"this emptying is also the precondition for a new form of
retention, of holding on, as the image presents us with a
kind of hole that is in reality a waiting receptacle, with
the voiding of the image only allowing an opening onto
the past, the filling of this hole with the data of both
memory and desire. We face the receptacle that is the
camera opening onto the receptacle of the shop window,
filled with the receptacles of the television screens,
analog receivers that no longer project the information
of the mass media but passively accept the aleatory life
of the events of the nearby street: the cars, buildings and
also the artist reflected on an entirely transformed—
photographic—form of the screen." 376
Consider the idea of screen and screen. I screen allows you to view images when considered in the context of a TV. A screen hides or obscures what is behind it when it is used to block wind, in dressing rooms or as a diversion.
A tsunami of credit
"If
we want to follow the poet manqué of the current crisis,
or more accurately its poète maudit, Alan Greenspan, we
have perhaps entered today not an economic crash at all,
but what he called instead memorably a “credit tsunami.”
[18] The metaphor is no longer the (modernist) one of
the crash, calling for strategies of disjunction, collision,
and montage.

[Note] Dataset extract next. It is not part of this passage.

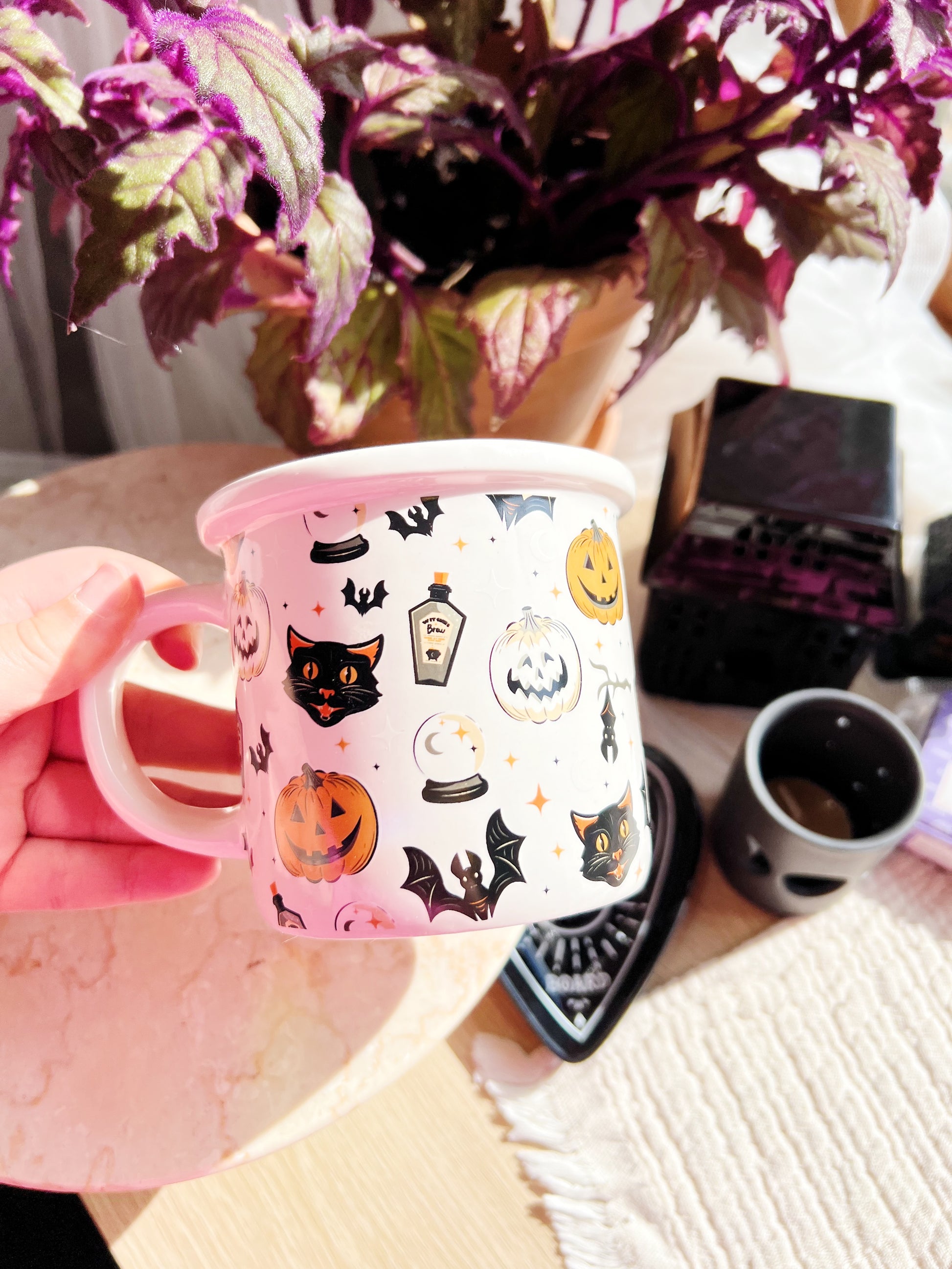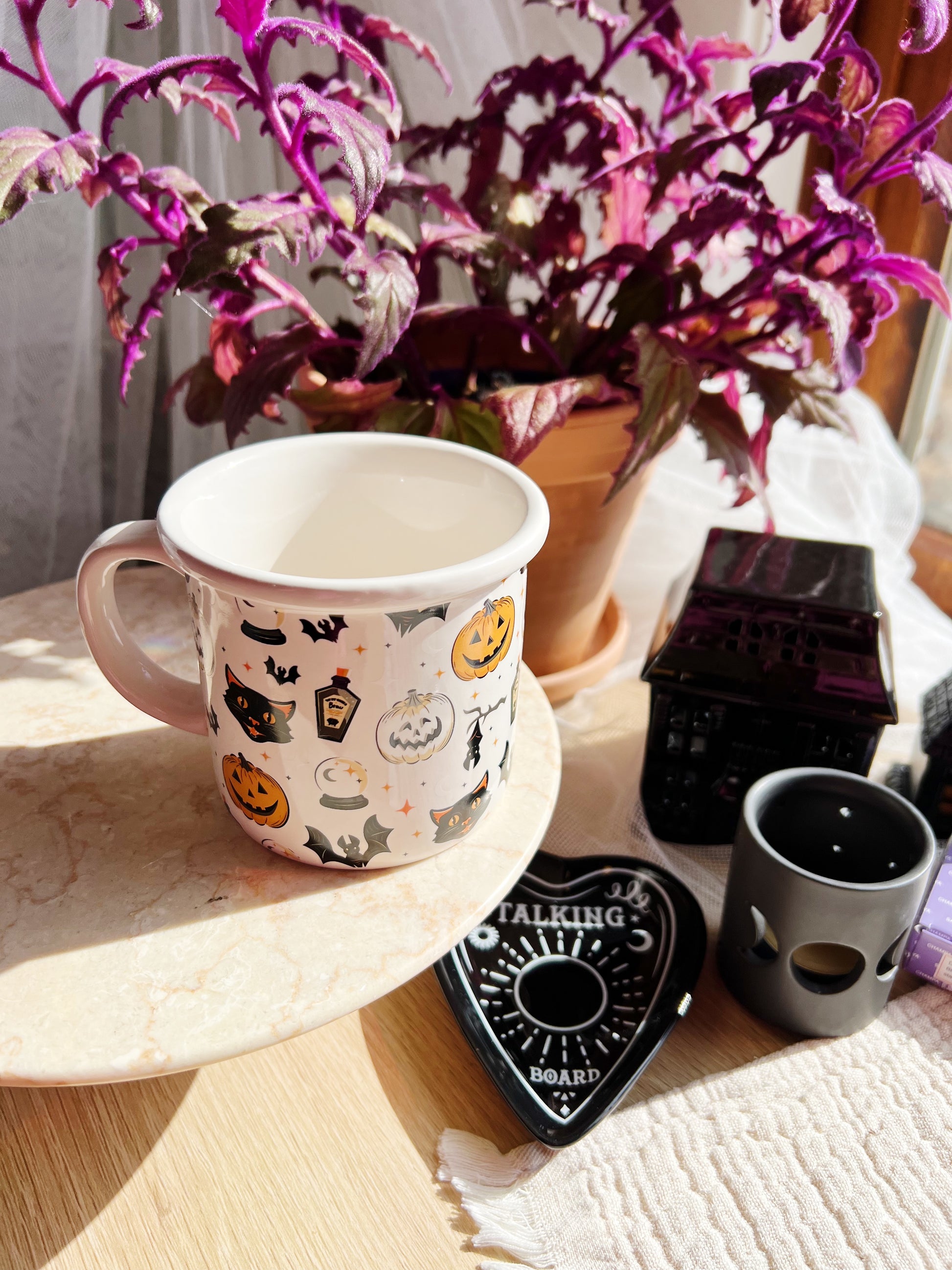 Kom i Halloween-stemning med dette solide og sjarmerende keramikkruset dekorert med nostalgiske Halloween-motiver! Her finner du svarte katter, flaggermus, gresskar og trylledrikker i en herlig retro stil som varmer bÄde sjelen og hendene.

Instead it is of the tsunami, a metaphorics
of flow, overflow, and excess, of echoes and reboundings,
of chain reaction, of inundation and flood—liquidity
gone awry. It is not a question of the industrial object
crumpled before us, but of the flood plain swept bare, the
barren aftermath of a catastrophic clearing. Stated in this
way, the metaphor surely seems appropriate for an era of
abstraction as intense as the one through which we have
been passing. Such is the imagination and the “writing
of the disaster” that we must broach. Perhaps we need to
imagine dams more than crashes, stoppages more than
collisions. Perhaps we need drainage. Perhaps we need
new forms of emptying more than of collapse." 375
I traveled in Thailand shortly before the tsunami hit in 2004. The shacks and warm people who made their living and built their lives on the beaches were wiped out. The young man that served us drinks, the overly agressive massueses smearing Noxema on sandy skin, and the German tourists in their Speedos. Anyone on the beachfront. I did hear that the beaches were the most beautiful that had been in a long time right after, pristine, wiped free of commerce, capitalism; replaced by pristine nature.
The Chicago fire was a total devistation of an existing culture but in its wake was a planned city with paved streets, building codes, green spaces, and public shorelines. Devastation-Reincarnation, the creator and destroyer go hand in hand.
The credit tsunami allowed even the average American to see money as an abstraction. The revealing of the abstraction of what money is as opposed to what it represents. I have seen a resurgence of DIY and bartering culture and even creation of new currencies since the crash bubble. The American dream has been revealed as a dream, a farce, a game. Taken too seriously you cannot win. If you think there are no winners then you have already lost.